Entdecken, was verbindet – die Kultur könnte ein Vehikel in der Großregion sein. Lex Delles, Luxemburgs Wirtschafts- und Tourismusminister, sieht nach der Pandemie einen Aufschwung für den Tourismus in seinem Land.
Herr Delles, wieso gibt es im Luxemburger Wirtschaftsministerium eigentlich zwei Minister?
Wir haben im Wirtschaftsministerium sieben große Bereiche, für zwei davon bin ich zuständig und zwar für Mittelstand und Tourismus. Um die anderen kümmert sich mein Kollege Franz Fayot.

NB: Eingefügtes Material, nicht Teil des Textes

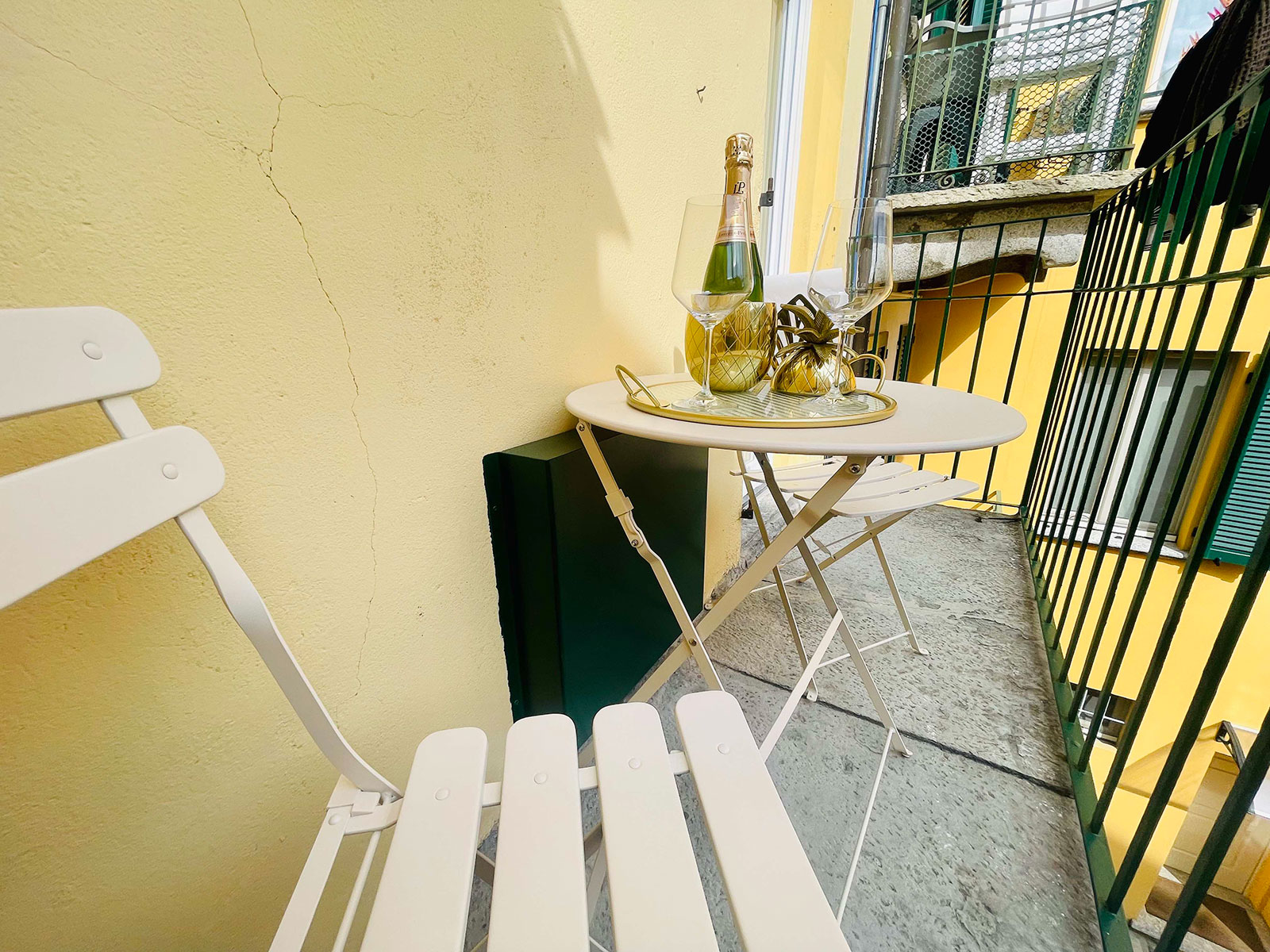 L'appartamento è composto da un soggiorno con un divano che può diventare un comodo letto matrimoniale, un tavolo con sedie, una smart TV e una cucina completamente attrezzata, inoltre è presente un piccolo balcone (non ha vista lago) con tavolino e due sedie, ideale per rilassarsi dopo una giornata sul lago e gustare un buon bicchiere di vino.

Im Großherzogtum Luxemburg arbeiten rund 50 Prozent der Arbeitnehmer in mittelständischen Unternehmen. Der Mittelstand hat ganz andere Herausforderungen zu meistern als die großen Industrieunternehmen, zum Beispiel bei der Digitalisierung oder bei Ausschreibungen. Hier ist es uns wichtig, dass die mittelständische Wirtschaft einen Ansprechpartner beziehungsweise eine zentrale Kontaktstelle hat. Im Übrigen haben wir auch in anderen Ministerien eine Aufteilung, zum Beispiel im Außenministerium mit einer Ministerin für die Großregion. Das zeigt, wie wichtig für uns die Zusammenarbeit mit unseren europäischen Nachbarn ist.
Die Strukturen sind in den jeweiligen Nachbarstaaten sehr unterschiedlich. Wer ist Ihr Ansprechpartner im Saarland, wo es gar keinen Minister für Tourismus gibt?

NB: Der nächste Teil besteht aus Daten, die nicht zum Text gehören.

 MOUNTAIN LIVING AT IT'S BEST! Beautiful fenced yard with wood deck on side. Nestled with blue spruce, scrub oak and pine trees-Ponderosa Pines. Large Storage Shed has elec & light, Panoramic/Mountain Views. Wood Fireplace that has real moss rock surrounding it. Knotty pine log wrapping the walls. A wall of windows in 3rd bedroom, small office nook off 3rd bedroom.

Das ist richtig, einen direkten Ansprechpartner habe ich auf Ministerebene im Saarland nicht. Dafür gibt es viele bilaterale Beziehungen und einen sehr guten Austausch zum Beispiel mit den Tourismuszentralen in den jeweiligen Ländern. Ob nun mit der Wallonie, mit dem Département Moselle oder mit der Tourismuszentrale im Saarland und auch mit Rheinland-Pfalz. Die Zusammenarbeit ist gut, aber da steckt noch viel mehr Potenzial drin. Wir müssen beim Tourismus in grenzüberschreitenden Dimensionen denken, darauf ist unsere Strategie in Luxemburg ausgerichtet.

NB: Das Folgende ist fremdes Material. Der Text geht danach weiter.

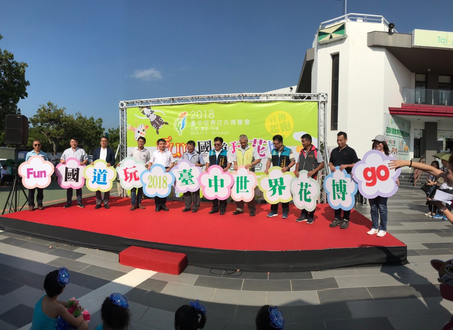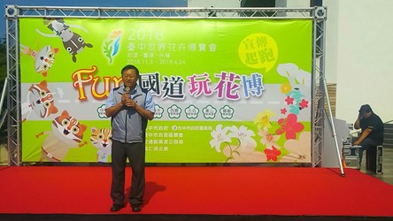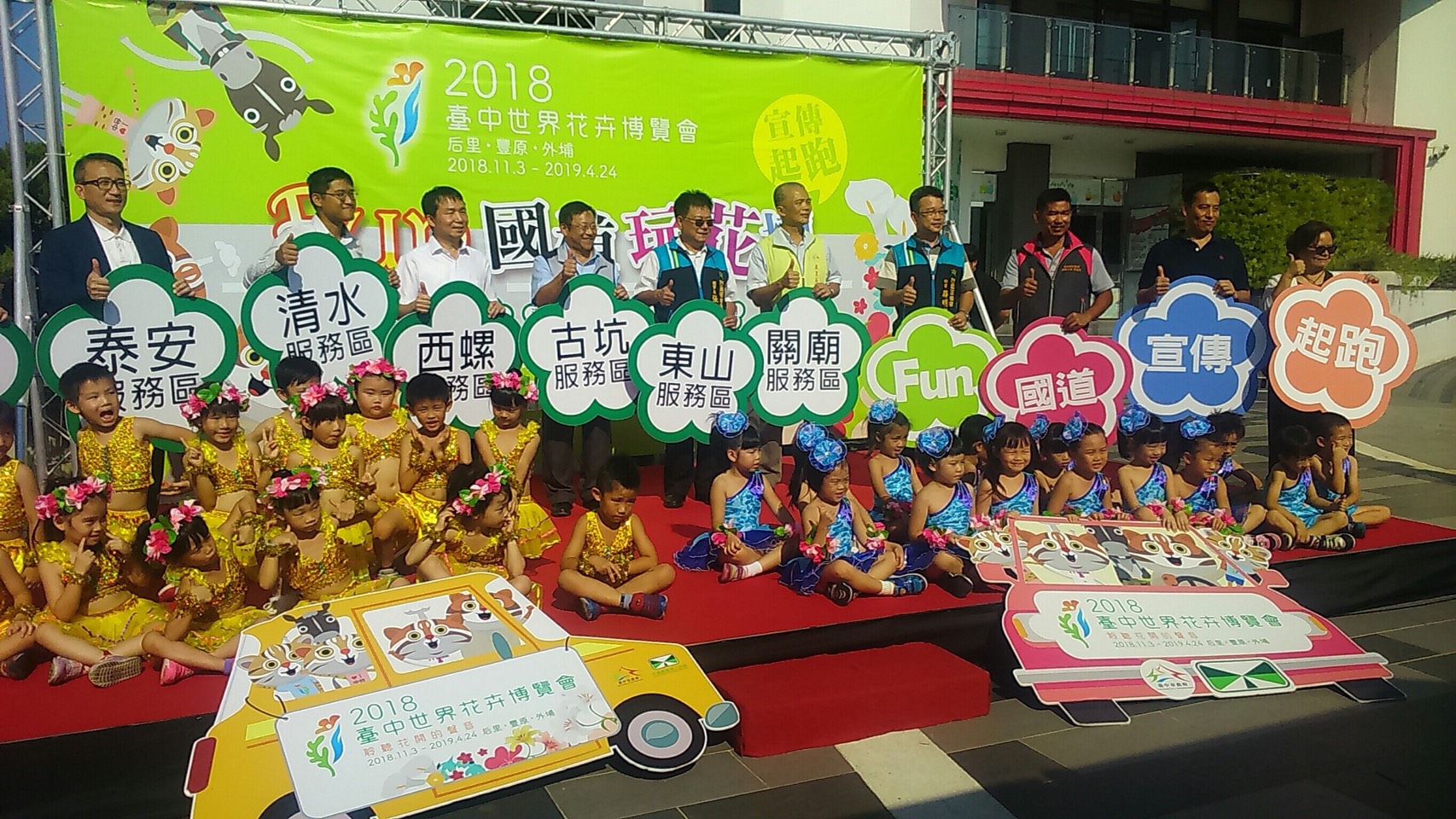 市府農業局今(6)日在國道1號泰安南下服務區戶外,舉辦「FUN國道~玩2018台中花博」記者會,由農業局長王俊雄主持、並宣告國道宣傳活動起跑,盼在擁有百萬流量人潮的國道服務區推廣花博;現場也提供民眾與花卉拍照打卡,並贈送代表台中的蝴蝶蘭、文心蘭等,氣氛相當熱鬧。

Können Sie das näher erläutern?
Das Saarland, Lothringen, Luxemburg und Wallonien haben die gleiche Geschichte, teilen dieselben europäischen Werte und arbeiten so gut wie in allen Bereichen partnerschaftlich zusammen. Wir haben viele Kulturen auf engem Raum, vier Länder, die sie alle, wenn Sie wollen, in einer Stunde erreichen können. So etwas ist in Europa einzigartig, und das müssen wir im Tourismus vermarkten. Es geht in unserer luxemburgischen Tourismusstrategie nicht mehr um Märkte, sondern um Zielgruppen. Wer an die Mosel in Luxemburg fährt, soll auch ins Saarland, nach Rheinland-Pfalz sowie nach Lothringen fahren. Deshalb spielt zum Beispiel das Kulturerbe, le patrimoine, beim Gedenktourismus eine wichtige Rolle. Wir haben eine gemeinsame Industriegeschichte, wir haben die Weltkriege erlebt und eine europäische Dimension in unserer Großregion. Wir denken die Großregion und nicht allein Luxemburg. Für Schengen haben wir das Schiff, auf dem das Schengener Abkommen unterzeichnet wurde, aus Regensburg zurückgekauft und bauen es jetzt zu einem Museumsschiff um. Das ist europäische Geschichte und das mitten in unserer Großregion.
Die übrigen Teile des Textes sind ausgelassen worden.